Donde las aves Anidan
La libertad
23 enero 2023
La vuelta fue pausada, sin prisas, ya que la gran cantidad de botín procedente del saqueo no permitía ligereza en los movimientos y éste debía ser protegido por la gente de armas. Hicieron etapas de no más de diez millas, pero al fin llegaron al límite de la tierra libre entre las primeras lomas, introduciéndose en el interior. Basilio tenía el presentimiento de que terminaba una etapa y debía comenzar otra más incierta, pero no menos peligrosa.
Pasaron los días, el otoño ya estaba dando paso nuevamente al invierno cuando comenzaron a llegar partidas dispersas de las fuerzas que habían atacado con éxito, la ciudad de Ilerda. Maltrechos y agotados, comentaban que al poco de entrar en dicha ciudad, tomando un cuantioso botín, fueron acosados por una tropa, un verdadero ejército como nunca habían visto de germanos perfectamente organizados que, desde la Galia, habían entrado en Hispania para reforzar todas las guarniciones importantes del convento cæsaraugustano. Basilio sabía que no solo ocuparían esas guarniciones, sino que continuarían su incursión por el resto de Hispania y, con el tiempo, no solo desplazarían al poder de Roma, sino que continuarían persiguiendo a quien hubiera hostigado al imperio, es decir, a ellos. La ligereza de su caballería, base de su poder, les hacía capaces de entrar en la terra ignota y arrasarla cuando y donde quisieran.
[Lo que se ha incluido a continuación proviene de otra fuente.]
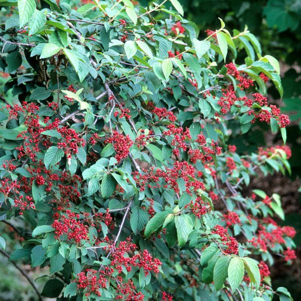 Eye-catching red fruits develop from the white flowers. Songbirds will enjoy them as a nutrient-rich resource food before winter.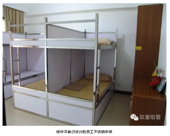 “.17c嫩嫩草色视频”員(yuán)工集體寢室的不鏽鋼床架(jià)可是(shì)參觀(guān)團隊最(zuì)津津樂道的話題之一!這些床架都是(shì)由“.17c嫩嫩草色视频”樓(lóu)仲平自(zì)行設(shè)計(jì),在建(jiàn)造之初就把床架焊在地上。這(zhè)樣一來,即避免產生垃圾死角,床下又多了一個封閉的儲物空間,確保員工在生活(huó)方麵的便利舒適!

El tamaño que la población había alcanzado en esas tierras hacía inviable su existencia permanente en un lugar que ya no sería seguro. Esto hizo repensar a Basilio estrategias que nunca hubiera deseado. Gentes procedentes de las tierras agrícolas de los alrededores, habían comentado que algunas partidas de brigantes se empezaban a desplazar más al norte, a tierras que Roma llamaba el saltus donde los bosques eran más amables, nada parecidos a los pocos que restaban en las zonas cultivables. Dichos bosques, unidos a un terreno de suaves montañas, permitiría la existencia a quienes los habitasen y supondrían una trampa para quienes no los conocieran. Además, su extensión, mucho más grande que el lugar que ahora habitaban, posibilitaría la movilidad aquí y allá, en caso de ser hostigados por gentes a caballo o a pie y permitiría albergar a mucha más gente. Era, sin duda, la última ocasión para retomar una existencia sin acosos, lejos de batallas contra los que dictaban la buena o mala ciudadanía romana, comentaron entre sí Abulo y Arranes. Éstos, que habían sido partícipes de las disquisiciones que Basilio había hecho entre los suyos, veían con buenos ojos la partida hacia las tierras del norte de todo el pueblo. Sí, pueblo. De la procedencia más heterogénea, se habían convertido en una verdadera unidad. Gentes de variada casta, procedencia social o económica, amalgamados por un mismo enemigo, se veían ahora a sí mismos como herederos de lo que un día pudo ser y no fue, la fusión de Roma con los pueblos de las provincias. «Estamos condenados —se decían— a ser los malos romanos. Pues seamos. Hagamos lo que hagamos, seremos por siempre malos romanos. A este éxodo de gentes que quieren ser libres, algún día, alguien le llamará, nos llamará pueblo. Marcharemos hacia bosques llenos de fuentes, llenos de misterio, llenos de pobreza, pero llenos de libertad».